The respondent’s employment with the appellant was communicated to him by letter dated 30th January 1987. He was appointed Senior Internal Auditor a position he held until 30th October, 1989, when he was elevated to the position of Pensions and Properties Officer PA.1, which he held until his purported retirement on 31st October, 1994. The respondent’s case as pleaded and according to his oral testimony was that in his position the provisions of the Kenya Ports Authority Revised Staff Regulations and The Kenya Ports Authority (Pensions) Regulations 1983, both of which documents were subject to amendments from time to time, applied to him.
The relevant provisions of the former are regulations B.11 and 15 while those of the latter are rule 6 of Legal Notice No.77 of 20th May 1983.
The respondent’s case was that the appellant did not adhere to the foregoing provisions when it retired him. Regulation B15 provides in the marginal note as follows:
“Retirement of pensionable employees.”
It was common ground that the respondent was a pensionable employee and therefore the regulation applied to him. The regulation as material, provides:
“B 15 (a) A pensionable employee will be permitted, and may be required, subject to the provisions of Staff Regulation B.11l to retire from the service of the Authority in the circumstances set out in the Kenya Ports Authority (Pensions) Regulations 1983 conferring retiring benefits. Notice of retirement of a pensionable employee must be given by either party not less than three months prior to the date on which the employee is to cease duty.”

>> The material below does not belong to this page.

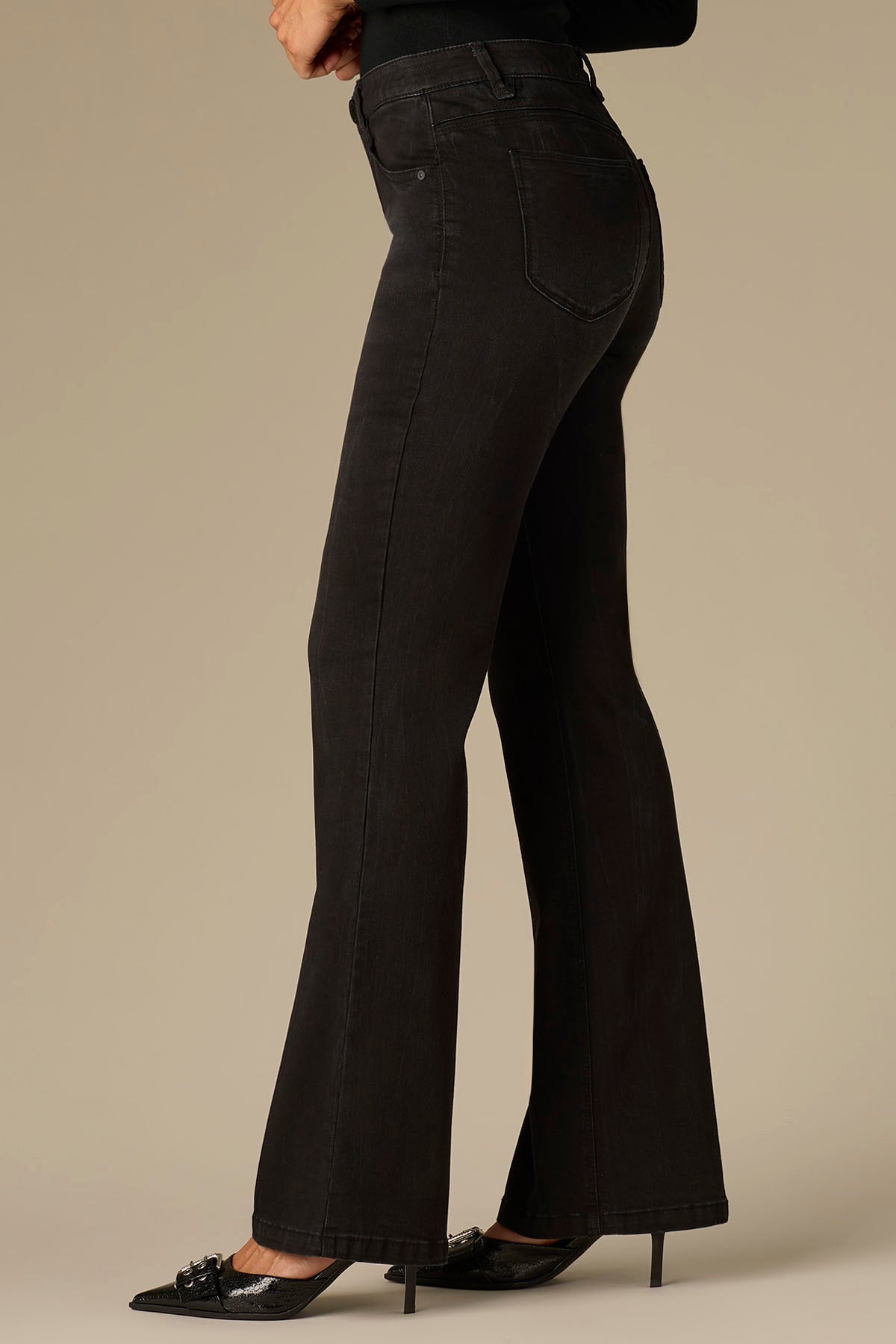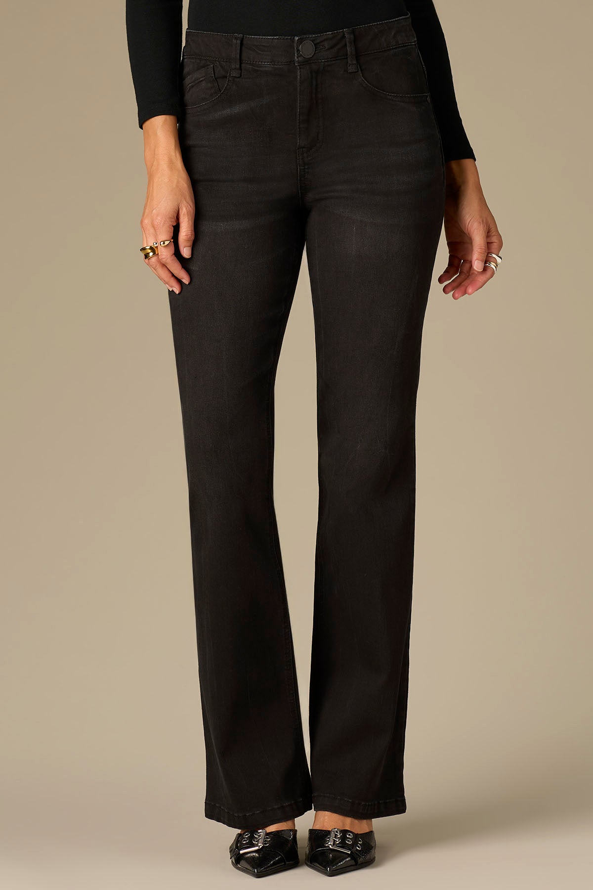 The washed black Madison Itty Bitty More Boot jean is easier than the Brittany Itty Bitty Boot with a wider leg opening. Made with Contour Shape Technology for a tailor-made, flawless fit and thoughtful design details.

Our reading of that regulation reveals that it permits both the employee and the employer to exercise the right of retirement. As regards the employee he has the right to notify the employer of his desire to retire. Conversely, the employer is at liberty to ask the employee to retire. In both cases, the retirement is subject to the provisions of regulation B.11 of the Staff Regulations which as material, provides that:
“B 11 (a)” if it appears to the Managing Director that there is a reason why an employee who holds a pensionable office in Grade PA 4 and above should be called upon to retire from the service of the Authority on the grounds that he has reached the age at which he can lawfully be retired to retire from the public service under the provisions of the appropriate pensions legislation, the Managing Director will advise the employee that compulsory retirement is under consideration and ask the employee if he wishes to make any representations of a personal nature on such a step. This paragraph does not apply to officers called upon to retire on attaining full retiring age of 55 years”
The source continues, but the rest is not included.